Между нами было всего несколько метров. Я спрыгнул с крыльца и швырнул скомканную накидку прямиком в руки Альба. Он отшатнулся, но рефлекторно поймал «подарок», а затем, быстро взглянув на слегка поблескивающую под лучами солнца ткань, со злостью спросил:
— Купить меня хочешь, мразь⁇ Даже не надейся! Я заберу у тебя всё! А потом вырву потроха, высушу их и подарю твоим дев…
Альб поперхнулся на полуслове, не сумев завершить свой зажигательный монолог. Ничего удивительного в этом не было — трудно делиться планами на ближайшее будущее, когда из виска торчит древко арбалетного болта. Такие ранения обычно крайне плачевно сказываются на коммуникативных навыках.
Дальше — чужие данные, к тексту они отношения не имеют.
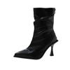 Ботильоны на высоком каблуке женские осень-зима новые остроносые коричневые ботинки на молнии кожаные модные сексуальные роскошные брендовые плиссированные дизайнерские ботинки

Всё произошло очень быстро, поэтому никто — даже те, кто стоял рядом с Альбом — не успел ничего понять. Только что самый опасный обитатель «Наречья» был полон жизни, а теперь валялся в пыли с простреленной башкой.
Один из сподвижников Альба — то ли наиболее смелый, то ли наименее умный — посмотрел на труп предводителя и шагнул вперёд. Судя по взгляду, он сам не очень-то понимал, что собирается делать. Однако я не хотел давать ему ни единого шанса проявить себя.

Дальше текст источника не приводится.